Is it something that is “wired” in our brains that makes us feel like this?  And here I am assuming that everyone is touched by a particular song.  A song that they identify with more than any other, that perhaps was written and performed “just for them”.  Or is it just human nature to be sentimental or “weepy” when we are audience to a particular musical piece.  Is it perhaps the combination of instruments, skill of the conductor, or the perfect acoustics that can bring on our emotion?  I think we make it personal because some of us realize that music can feed our souls, nurture our desire for these specific feelings, and make that part of our mind whole again for a while, by these alternating cravings and sustenance.

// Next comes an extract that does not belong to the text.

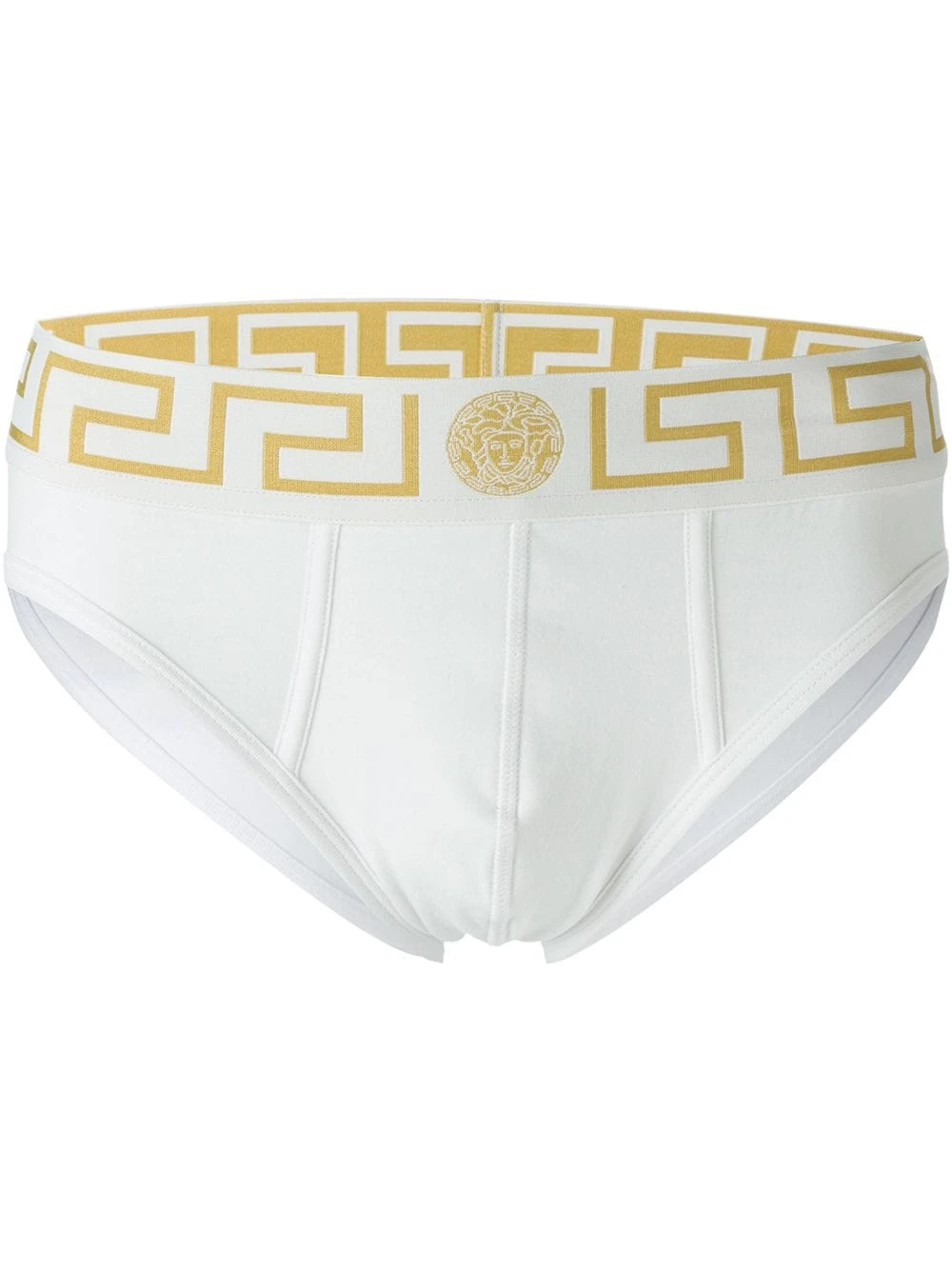 Slip Medusa en coton stretch blanc et doré Versace avec bordure élastique.

And what better to feed ourselves on than something so “high minded” and eternal as music.  Yes, eternal.  After a song is born it lives on through other artists and performers.  We all have strong feelings about “remakes” of music we are attached to.  When a musician passes, we all know whose song it really is when we hear it in its updated or reworked forms.  Now with electronic and web capabilities of clarifying, storage and “global” transmittance, it seems music is indeed eternal.  What better than music not to stand as a memorial to its creator, but to be a moving inducement, a shared celebration from its creator out to everyone.